| Required work |
An exact copy of all the data is needed, with every picture left out.
Material for this exercise below:
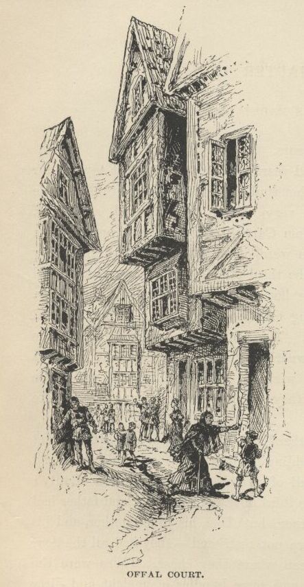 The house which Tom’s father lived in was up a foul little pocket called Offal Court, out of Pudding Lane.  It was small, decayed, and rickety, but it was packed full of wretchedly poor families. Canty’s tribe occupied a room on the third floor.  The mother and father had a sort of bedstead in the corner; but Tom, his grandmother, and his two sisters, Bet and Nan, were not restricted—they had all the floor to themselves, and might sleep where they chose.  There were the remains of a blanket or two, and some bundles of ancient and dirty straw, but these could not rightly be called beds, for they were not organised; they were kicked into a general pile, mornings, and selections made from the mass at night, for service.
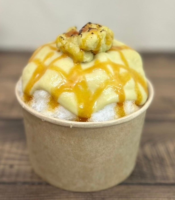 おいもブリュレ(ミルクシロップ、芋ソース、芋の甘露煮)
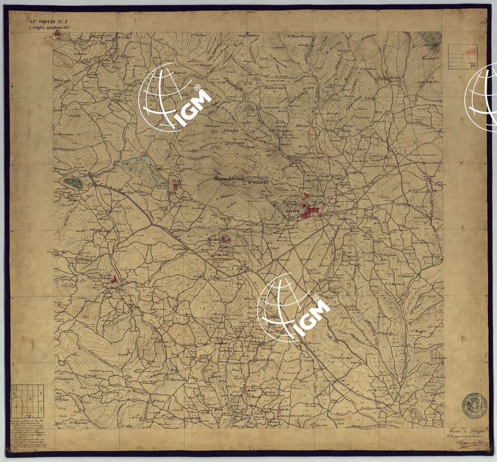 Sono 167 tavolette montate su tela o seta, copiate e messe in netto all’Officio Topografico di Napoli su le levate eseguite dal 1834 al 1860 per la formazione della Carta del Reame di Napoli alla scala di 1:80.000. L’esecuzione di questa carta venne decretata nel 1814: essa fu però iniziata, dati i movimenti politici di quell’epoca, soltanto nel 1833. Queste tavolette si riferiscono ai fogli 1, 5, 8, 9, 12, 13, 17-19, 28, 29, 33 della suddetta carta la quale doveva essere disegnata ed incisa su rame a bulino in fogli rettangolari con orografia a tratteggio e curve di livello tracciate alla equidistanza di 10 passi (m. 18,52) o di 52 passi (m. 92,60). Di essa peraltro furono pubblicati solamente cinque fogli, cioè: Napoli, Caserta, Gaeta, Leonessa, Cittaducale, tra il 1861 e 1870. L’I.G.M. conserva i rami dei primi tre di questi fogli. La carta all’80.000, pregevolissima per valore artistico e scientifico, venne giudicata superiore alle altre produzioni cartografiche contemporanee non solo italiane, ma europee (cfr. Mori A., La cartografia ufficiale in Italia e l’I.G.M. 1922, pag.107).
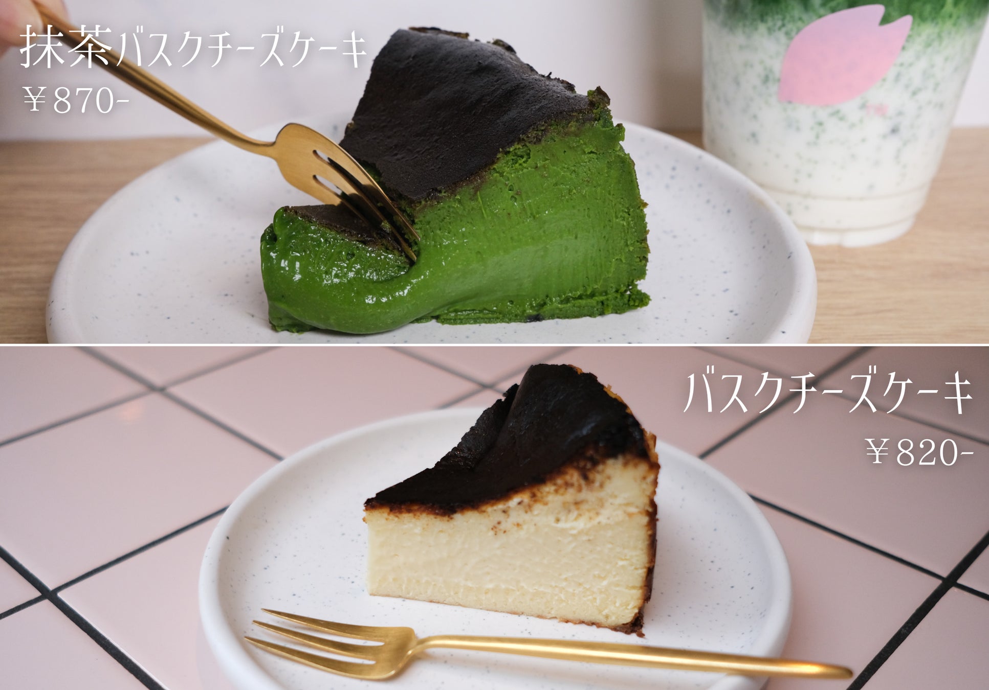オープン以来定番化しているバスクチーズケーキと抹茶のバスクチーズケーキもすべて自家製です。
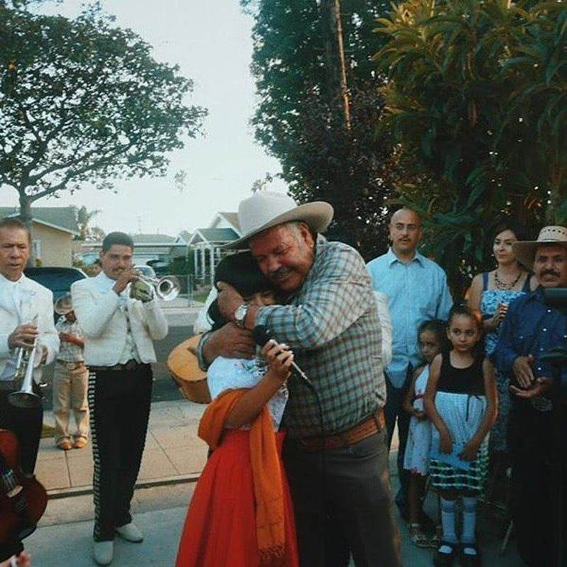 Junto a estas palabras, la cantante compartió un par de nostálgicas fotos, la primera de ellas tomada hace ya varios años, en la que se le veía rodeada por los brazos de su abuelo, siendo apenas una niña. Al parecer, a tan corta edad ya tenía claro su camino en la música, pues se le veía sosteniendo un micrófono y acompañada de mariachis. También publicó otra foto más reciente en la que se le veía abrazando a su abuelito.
End of Material for this exercise.
| Problem solution |
 The house which Tom’s father lived in was up a foul little pocket called Offal Court, out of Pudding Lane.  It was small, decayed, and rickety, but it was packed full of wretchedly poor families. Canty’s tribe occupied a room on the third floor.  The mother and father had a sort of bedstead in the corner; but Tom, his grandmother, and his two sisters, Bet and Nan, were not restricted—they had all the floor to themselves, and might sleep where they chose.  There were the remains of a blanket or two, and some bundles of ancient and dirty straw, but these could not rightly be called beds, for they were not organised; they were kicked into a general pile, mornings, and selections made from the mass at night, for service.
 おいもブリュレ(ミルクシロップ、芋ソース、芋の甘露煮)
 Sono 167 tavolette montate su tela o seta, copiate e messe in netto all’Officio Topografico di Napoli su le levate eseguite dal 1834 al 1860 per la formazione della Carta del Reame di Napoli alla scala di 1:80.000. L’esecuzione di questa carta venne decretata nel 1814: essa fu però iniziata, dati i movimenti politici di quell’epoca, soltanto nel 1833. Queste tavolette si riferiscono ai fogli 1, 5, 8, 9, 12, 13, 17-19, 28, 29, 33 della suddetta carta la quale doveva essere disegnata ed incisa su rame a bulino in fogli rettangolari con orografia a tratteggio e curve di livello tracciate alla equidistanza di 10 passi (m. 18,52) o di 52 passi (m. 92,60). Di essa peraltro furono pubblicati solamente cinque fogli, cioè: Napoli, Caserta, Gaeta, Leonessa, Cittaducale, tra il 1861 e 1870. L’I.G.M. conserva i rami dei primi tre di questi fogli. La carta all’80.000, pregevolissima per valore artistico e scientifico, venne giudicata superiore alle altre produzioni cartografiche contemporanee non solo italiane, ma europee (cfr. Mori A., La cartografia ufficiale in Italia e l’I.G.M. 1922, pag.107).
オープン以来定番化しているバスクチーズケーキと抹茶のバスクチーズケーキもすべて自家製です。
 Junto a estas palabras, la cantante compartió un par de nostálgicas fotos, la primera de ellas tomada hace ya varios años, en la que se le veía rodeada por los brazos de su abuelo, siendo apenas una niña. Al parecer, a tan corta edad ya tenía claro su camino en la música, pues se le veía sosteniendo un micrófono y acompañada de mariachis. También publicó otra foto más reciente en la que se le veía abrazando a su abuelito.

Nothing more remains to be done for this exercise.